Thursday, November 26, 2009

Thanksgiving 2009

I'm thankful for many things today. First and foremost, the cats are fed, the litter boxes are scooped and the kitchen is clean, including a freshly clean load in the dishwasher. Second and fivemost, Carmen is cooking her famous honey-mint carrots to take to somebody else's house for dinner. Who knew she had a famous dish in her tiny cooking repertoire?

Four years ago I heard an advertisement on the radio for a live theatrical production of Irving Berlin's White Christmas at the Wang Theatre in Boston. We bought tickets for the Christmas Eve performance. I had some trepidation about it. I was sure they would have rewritten the movie (which has been on our Favorite Christmas Movies List for over twenty years) to adapt it to the stage. Would they ruin it? Our favorite moment is when Phil and Judy dance their way out into the Florida sunset for "The Best Things Happen While You're Dancing." That had better be good! And there were some awkward things in the movie that I would have deleted if it were me rewriting the script. We went and were blown away. The basic story is the same, but the awkward stuff WAS deleted, the story details are better than the movie, the production numbers were spectacular, and it was better than my wildest hopes.

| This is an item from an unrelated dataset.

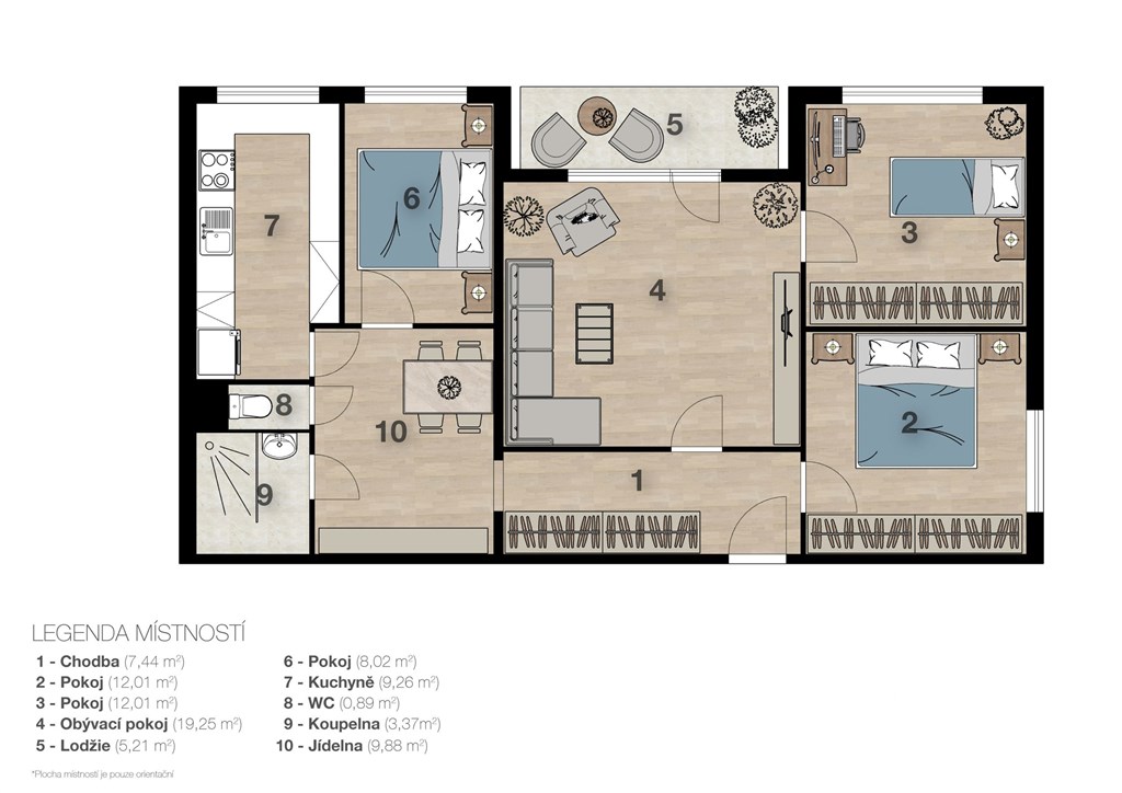 Hledáte ideální rodinné bydlení, kde se snoubí prostor, moderní design a klidná lokalita? Nabízíme Vám k prodeji výjimečný, kompletně zrekonstruovaný byt na ulici Elplova, Brno - Líšeň. Byt se nachází v 1. NP a díky své promyšlené dispozici nabízí komfortní zázemí i pro větší rodinu. Hlavní přednosti bytu: Velkorysá užitná plocha bytu 84 m2 + zasklená lodžie 5,2 m2 pro Váš odpočinek. Byt prošel postupnou rekonstrukcí: nová kuchyňská linka včetně vestavných elektrospotřebičů, kde je prostor také na pračku a sušičku, koupelna se sprchovým koutem s odtokovým žlabem, samostatná toaleta, zasklená lodžie, nová vinylová podlaha v místnostech. V bytě je také pamatováno na úložné prostory: Velká vestavěná skříň se nachází podél celé chodby a úložný prostor je také ve sklepní kóji 4 m2. Využívat můžete také společnou kolárnu/kočárkárnu, kde je rovněž dostatek úložného místa. Dispozice a interiér: Byt je řešen velmi prakticky, přičemž srdcem domova je centrální chodba, ze které se dostanete do všech částí bytu. ►Obývací pokoj (19,25 m2) je světlý prostor s přímým vstupem na zasklenou lodžii, která slouží jako oáza klidu s výhledem. ►Kuchyně (9,28 m2) disponuje novou moderní linkou ve tvaru "U" a je vybavená vestavnými spotřebiči (indukční varná deska, vestavná lednice kombinovaná s mrazákem, myčka, filtrová digestoř). ►Jídelna (9,88 m2) unikátní propojovací prvek mezi kuchyní a obývacím pokojem, ideální pro společné rodinné večeře. ►Ložnice (12,01 m2) ložnice s manželskou postelí a šatní skříní. ►Dětský pokoj / Pracovna (12,01 m2). Prostorný pokoj s variabilním využitím. ►Pracovna/dětský pokoj (8,02 m2) ideální jako hostinský pokoj nebo další dětský pokoj. ►Zrekonstruovaná koupelna se sprchovým koutem a samostatné WC. Podívejte se na přiložené fotografie, půdorys a video prohlídku, které vám byt přiblíží ještě lépe. Náklady na bydlení při 4 členné rodině jsou 6 000,Kč včetně fondu oprav. PENB v kategorii C (úsporná budova). Bytový dům je zateplen, nové dlažby, výtah a nová střecha. Vytápění je ústřední - Teplárny Brno, v pokojích jsou radiátory. Brněnská Líšeň je jednou z nejoblíbenějších lokalit pro bydlení. Ulice Elplova nabízí vše na dosah školy, školky, obchody i restaurace v docházkové vzdálenosti. Skvělá dostupnost. Rychlé spojení do centra Brna i na dálniční tepny. Příroda za rohem: V blízkosti najdete dostatek zeleně pro procházky a sportovní vyžití. Tento světlý a vzdušný byt je připraven ke koupi a to bez nutnosti dalších investic. Zaujala vás tato nabídka? Neváhejte mě kontaktovat a domluvte si prohlídku svého nového domova ještě dnes!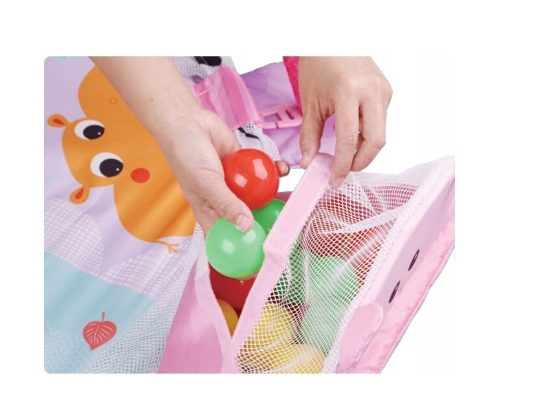 - Peretii exteriori se pot atasa pentru ca bebe sa se joace cu mingiutele incluse in set. Pe lateralele tarcului sunt doua gauri prin care bebe poate trece bilele dintr-o parte in alta.

So Bob and Phil go to Jimmy's Back Room to see the Haines Sisters. The set is small and intimate, in the center of the stage way down front. After the "Sisters" number, all four sit at a table and talk for a few minutes, then Phil and Judy get up to dance. As soon as they're off the set, it splits in two and leaves the stage to both sides, leaving the stage empty with a sparkling star drape across the back and sides. Fog blows in, and there they are, Phil and Judy, with the whole stage a dream world where the best things can happen while they're dancing. Then, at the end of a beautiful and exciting dance routine, they dance their way front and center, the set moves back into place, and they sit down again with Bob and Betty. Double you oh double you!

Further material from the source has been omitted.